Segment Start: Material supplied
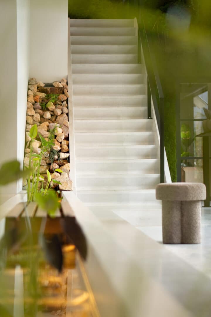 De locatie zelf draagt daar sterk aan bij. Het erf is volledig verbouwd tot een oase van rust. Er is een levende moswand, een waterval, veel houten accenten en een boom midden in de ruimte. ‘Alle elementen uit de natuur komen hier terug. Je ruikt de natuur zelfs. Je voelt dat je ergens anders bent. Zonder oordeel. Alles mag er zijn.’ Ondernemer Anouschka wil echt een thuisgevoel creëren voor mensen, waarin onzekerheid of ‘fear of missing out’-gedachtes geen rol spelen. Die aanpak trekt mensen van ver: klanten rijden vier uur uit België voor een afspraak. Sommigen begonnen ooit met online huidcoaching en reizen nu jaarlijks af voor een fysieke behandeling. ‘Ze willen de kwaliteit én de ervaring. Een cappuccino, een massage bij een peeling, de persoonlijke aandacht; dat is net zo belangrijk als het resultaat.’
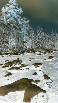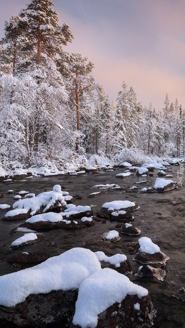 Edytor tapety: Ośnieżone drzewa i kamienie nad rzeką
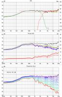 Das ist jetzt nicht mehr der Fall. Beim Hochtöner sieht man jetzt bei 4,5 bis 5kHz eine leichte Aufweitung und zwischen 10 und 12kHz eine ziemlich große Aufweitung. Bei 0°C Außentemperatur würde ich dem jetzt erstmal noch nicht zu viel Bedeutung beimessen. Der TMT sieht dafür jetzt deutlich besser aus. Allerdings ist der Frequenzgang für mich unter Winkeln noch nicht ganz plausibel, da die Bündelung noch immer verdammt früh einsetzt (für einen 4 Zöller). Der Drehpunkt lag dieses Mal aber definiiv auf der Schallwand.
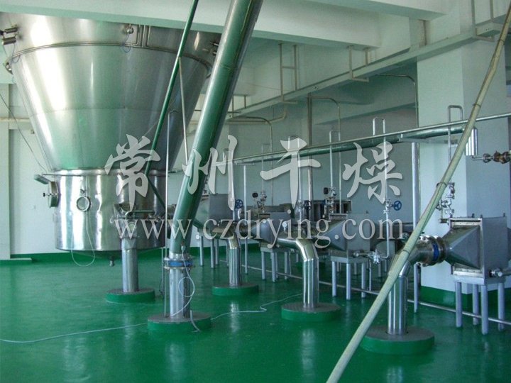 3、生產(chǎn)過程簡化,操作控制方便。對于含濕量40-60%(特殊物料可達90%)的液體能夠一次干燥成粉粒產(chǎn)品,干燥后產(chǎn)品不需粉碎和篩選,減少生產(chǎn)工序,提高產(chǎn)品純度。能在一定范圍內(nèi)通過改變操作條件進行調(diào)整產(chǎn)品粒徑、松密度、終水份,控制較為方便。
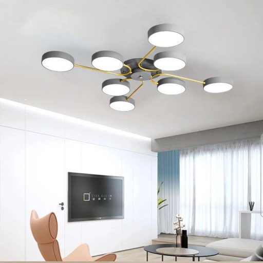 LAMPA SUFITOWA NOWOCZESNA DUŻA GREY GOLD 8 LED
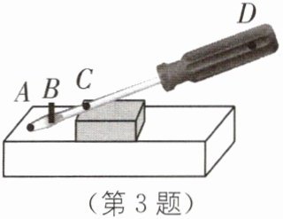 3. 如图所示,用螺丝刀撬骑马钉B,若用力往下撬时,其支点位于图中的C点,它是______(填“省力”或“费力”)杠杆.若用力往上撬时,其支点位于图中的A点,且后者比前者______(填“省力”或“费力”)些.
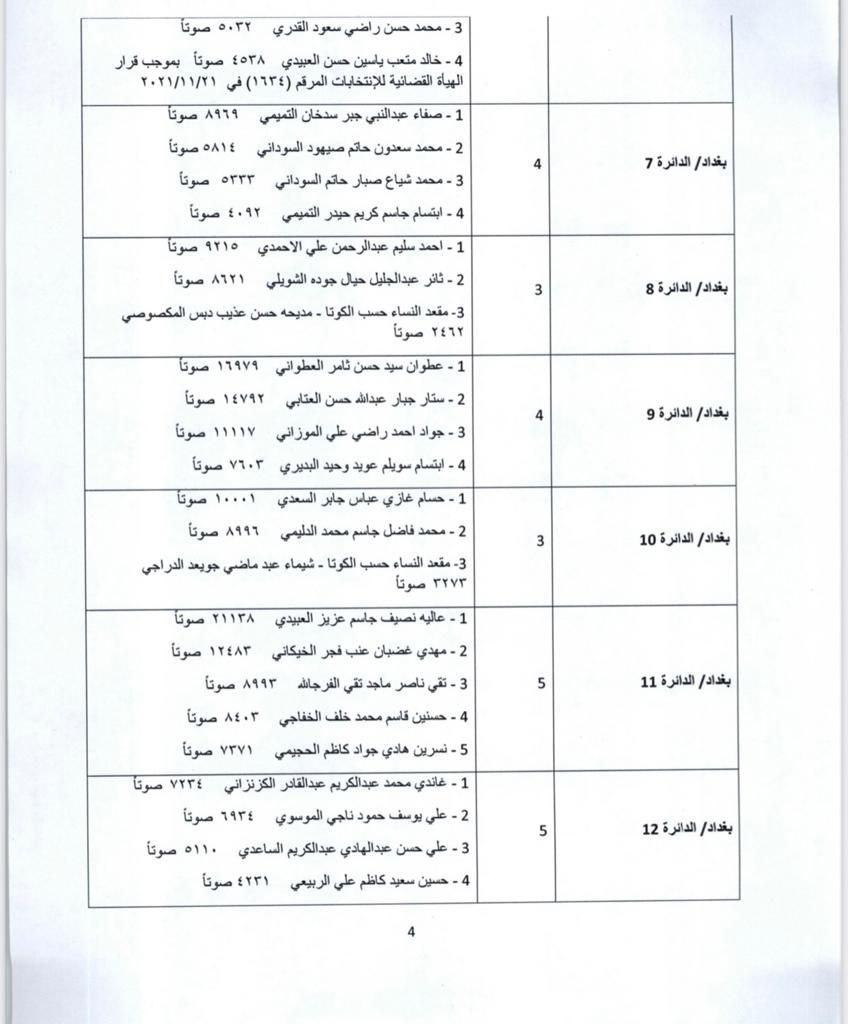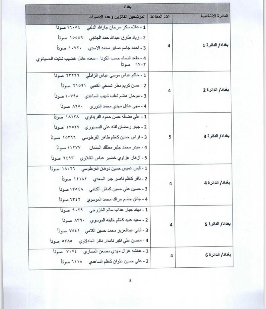 أسماء النواب الفائزين في انتخابات تشرين عن العاصمة بغداد:
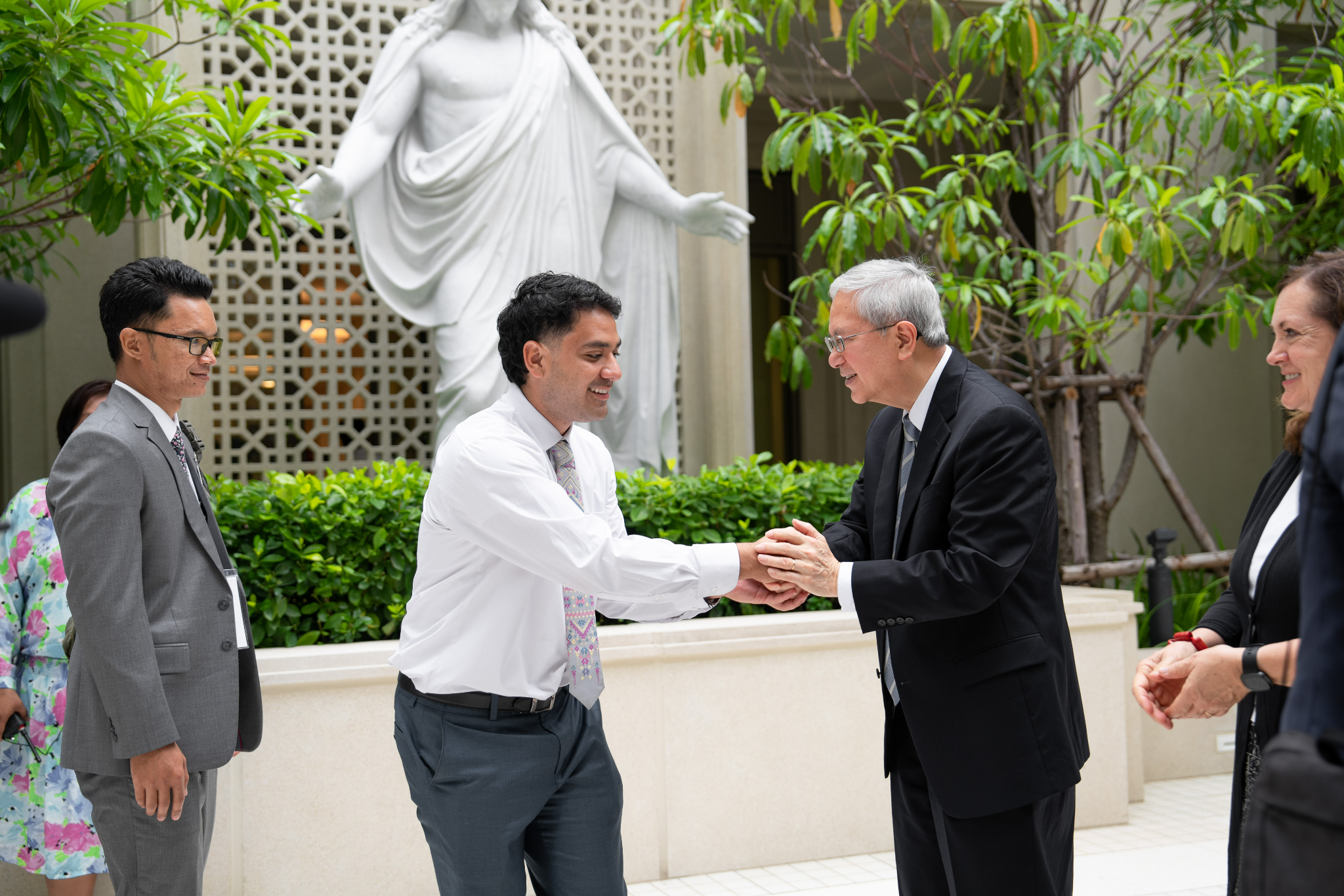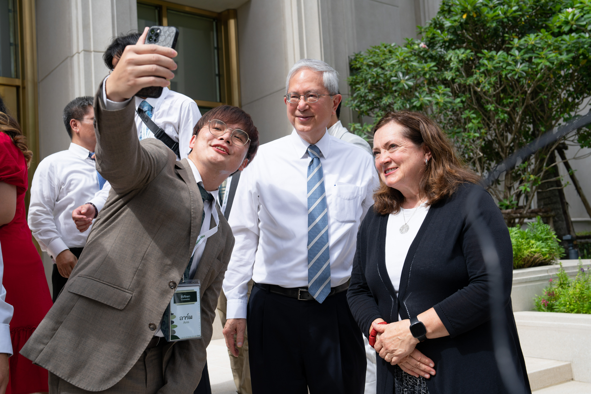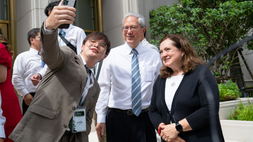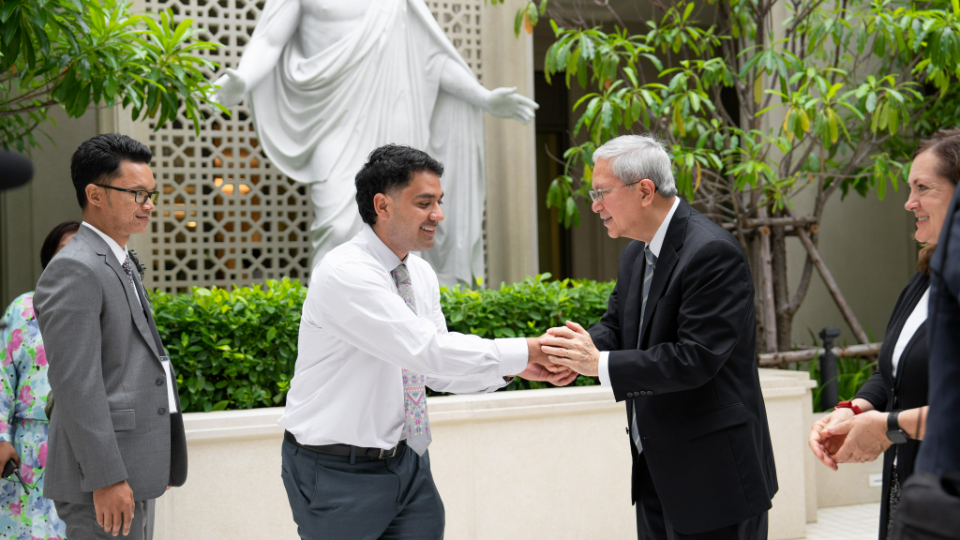 A young man takes a selfie with Elder Gerrit W. Gong and and his wife, Susan, follow a tour of the Bangkok Thailand Temple, August 26, 2023.2023 by Intellectual Reserve, Inc. All rights reserved.After walking through the temple, Pariwat Sengpoung of Rangsit, Thailand, said, “I feel closer with God, and Jesus really [is] closer.”
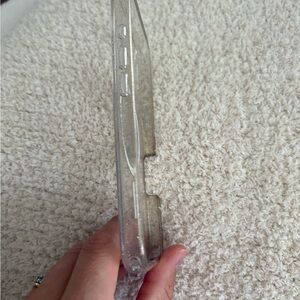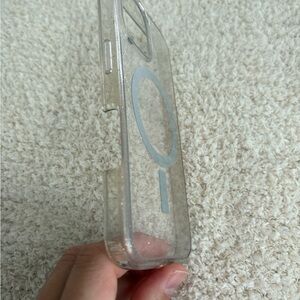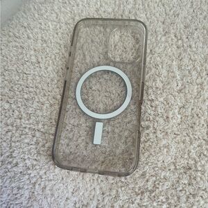 Stylish clear phone case with glitter and MagSafe functionality. Perfect for a sleek look.
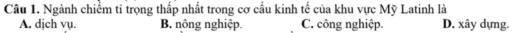 Câu `1.` Ngành chiếm tỉ trọng thấp nhất trong cơ cấu kinh tế của khu vực Mỹ Latinh là
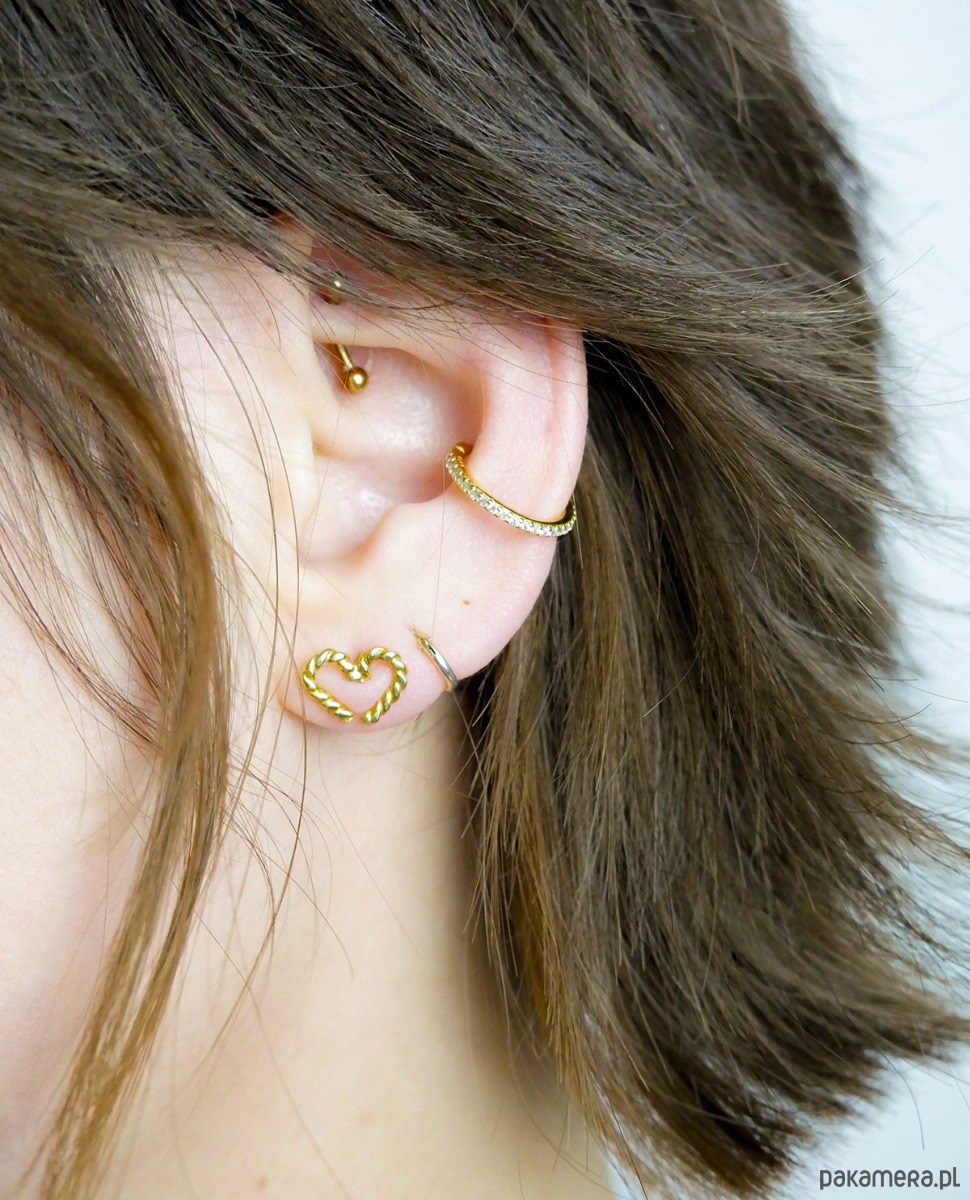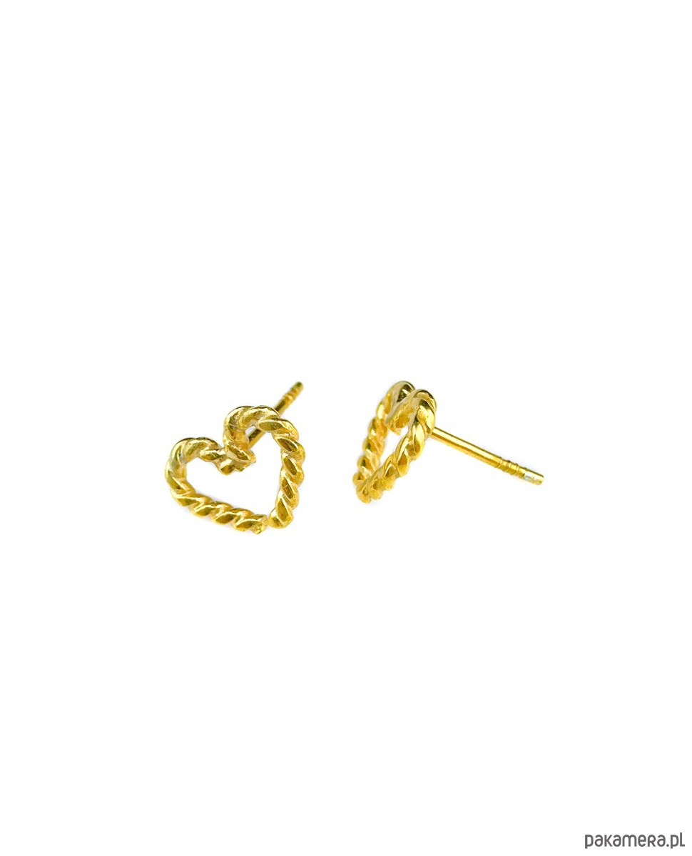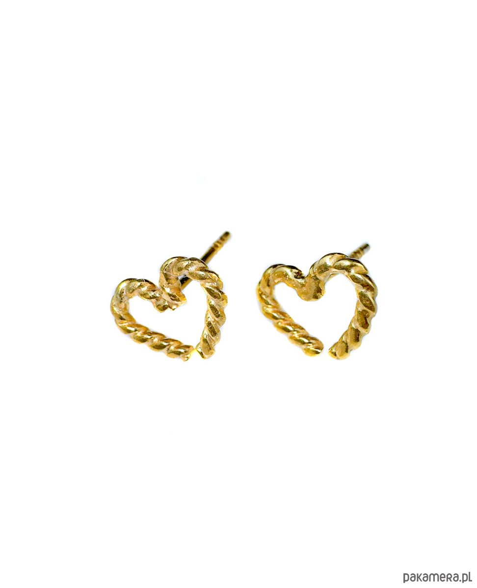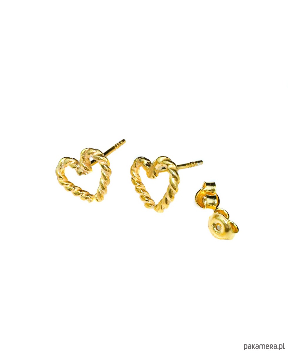 Kolczyki sztyfty. Małe, ażurowe serduszka formowane ręcznie i wykonane ze srebra 925, do wyboru w wersji srebrnej lub złocone 24k zlotem.
Segment End: Material supplied
→ Exercise aim:
Now reproduce all of the entries precisely, with no pictures in the copy.

→ Solution:
 De locatie zelf draagt daar sterk aan bij. Het erf is volledig verbouwd tot een oase van rust. Er is een levende moswand, een waterval, veel houten accenten en een boom midden in de ruimte. ‘Alle elementen uit de natuur komen hier terug. Je ruikt de natuur zelfs. Je voelt dat je ergens anders bent. Zonder oordeel. Alles mag er zijn.’ Ondernemer Anouschka wil echt een thuisgevoel creëren voor mensen, waarin onzekerheid of ‘fear of missing out’-gedachtes geen rol spelen. Die aanpak trekt mensen van ver: klanten rijden vier uur uit België voor een afspraak. Sommigen begonnen ooit met online huidcoaching en reizen nu jaarlijks af voor een fysieke behandeling. ‘Ze willen de kwaliteit én de ervaring. Een cappuccino, een massage bij een peeling, de persoonlijke aandacht; dat is net zo belangrijk als het resultaat.’
 Edytor tapety: Ośnieżone drzewa i kamienie nad rzeką
 Das ist jetzt nicht mehr der Fall. Beim Hochtöner sieht man jetzt bei 4,5 bis 5kHz eine leichte Aufweitung und zwischen 10 und 12kHz eine ziemlich große Aufweitung. Bei 0°C Außentemperatur würde ich dem jetzt erstmal noch nicht zu viel Bedeutung beimessen. Der TMT sieht dafür jetzt deutlich besser aus. Allerdings ist der Frequenzgang für mich unter Winkeln noch nicht ganz plausibel, da die Bündelung noch immer verdammt früh einsetzt (für einen 4 Zöller). Der Drehpunkt lag dieses Mal aber definiiv auf der Schallwand.
 3、生產(chǎn)過程簡化,操作控制方便。對于含濕量40-60%(特殊物料可達90%)的液體能夠一次干燥成粉粒產(chǎn)品,干燥后產(chǎn)品不需粉碎和篩選,減少生產(chǎn)工序,提高產(chǎn)品純度。能在一定范圍內(nèi)通過改變操作條件進行調(diào)整產(chǎn)品粒徑、松密度、終水份,控制較為方便。
 LAMPA SUFITOWA NOWOCZESNA DUŻA GREY GOLD 8 LED
 3. 如图所示,用螺丝刀撬骑马钉B,若用力往下撬时,其支点位于图中的C点,它是______(填“省力”或“费力”)杠杆.若用力往上撬时,其支点位于图中的A点,且后者比前者______(填“省力”或“费力”)些.
 أسماء النواب الفائزين في انتخابات تشرين عن العاصمة بغداد:
 A young man takes a selfie with Elder Gerrit W. Gong and and his wife, Susan, follow a tour of the Bangkok Thailand Temple, August 26, 2023.2023 by Intellectual Reserve, Inc. All rights reserved.After walking through the temple, Pariwat Sengpoung of Rangsit, Thailand, said, “I feel closer with God, and Jesus really [is] closer.”
 Stylish clear phone case with glitter and MagSafe functionality. Perfect for a sleek look.
 Câu `1.` Ngành chiếm tỉ trọng thấp nhất trong cơ cấu kinh tế của khu vực Mỹ Latinh là
 Kolczyki sztyfty. Małe, ażurowe serduszka formowane ręcznie i wykonane ze srebra 925, do wyboru w wersji srebrnej lub złocone 24k zlotem.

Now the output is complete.